The goals of eyelid reconstructive surgery
are achieving a good function, color match, smooth
surfaces of both the margins and inner aspects,
provides corneal protection, all these should be in
side to side with optimum cosmoses. Several reconstructive
options have been reported for its
reconstruction [2-4].
Superficial temporal artery island flap was
described in literature. Its drawbacks are presence
of hair, sacrifice of its two main divisions and the
two stages if prefabricated [12,14]. Bifurcated superficial
temporal island flap utilizing both frontal
and parietal divisions was also previously reported
for periocular defect reconstruction [15-17]. However,
the parietal branch territory is hairy so frequently
a hair ablation method is required, and the
resulting Y shaped scar is another disadvantage.

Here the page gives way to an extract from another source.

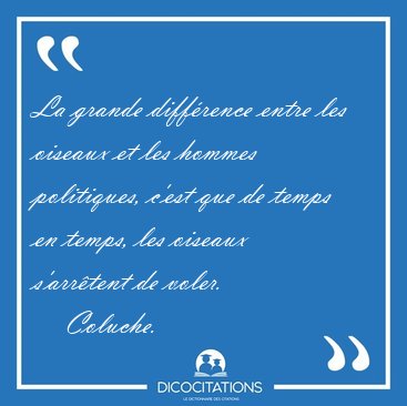 ![La grande différence entre les oiseaux et les hommes politiques, [...] - Coluche... La grande différence entre les oiseaux et les hommes politiques, [...] - Coluche...](/imagescitations/La_grande_difference_entre_les_oiseaux_et_les_hommes_politiques_-_Coluche-103768.jpg)

Frontal artery is the larger of the two terminal
divisions of the superficial temporal artery. It
supplies a hairless wide area with good color match
and texture comparable to eyelids skin [18]. Bhattacharyla
et al., 2006 described frontal island flap
of superficial temporal artery for perioral reconstruction
[11].
Cadaveric dissection studies [10,19] as well as
Studies utilizing either digital subtraction angiography
or three-dimensional computerized tomographic
angiography [20,21] demonstrated that the
frontal division is more constant and less liable to
anatomical variations than the parietal one. It is
wider in diameter (1.4mm versus 1.3mm), longer
in length (106mm versus 99mm). So, either it or
its branches could be used as a pedicle for microvascular
transfer.
Omari et al., 2012 reported a case of island flap
based on anterior branch of frontal division of
superficial temporal for contracted socket with a
successful result [22].
Depending on the previous anatomical and
clinical studies, we added a new island flap. It
depends on the two branches of the frontal division
of the superficial temporal artery. Preoperative
Doppler studies and intra-operative trans–illumination
help to define their course, which proved
constant in all cases of the study. It is almost
hairless flap that gives good color match and texture
to both eyelids. The flap harvesting is easy and the
planes of dissection are clear.
In spite of the wide tunnel created to deliver
the flap to the defect, early postoperative mild
congestion developed in 8/11 cases. The cause is
unclear. There may be a relative higher arterial
inflow than the capacity of the venous drainage in
the early postoperative period that improves by
time. All cases of the study passed a smooth postoperative
course. Only one case (1/11) developed
partial distal flap necrosis and it healed well after
debridement and resuturing.
The functional outcome was excellent regarding
smooth opening and closure of eyelids. The only
drawback was the need for split thickness skin
grafting for donor site closure in most cases. Regarding
patient's satisfaction, 6/11 (55%) of them
were very satisfied and 4/11 (45%) were satisfied
while no patients were unsatisfied. This adds to
the merits of this flap.
Conclusion:
Bifid frontal superficial temporal artery island
flap is easily dissected due to distinct anatomical
landmarks. It provides adequate hairless coverage,
with good color and texture match for complex
eyelid defects involving zones zones I, II and IV.
It is a single stage procedure and it preserves the
parietal division for use in any other future defects.
All patients were satisfied functionally and aesthetically.
The only disadvantage is the skin grafting
of the donor site. The flap is considered an innovation
one for covering these challenging defects.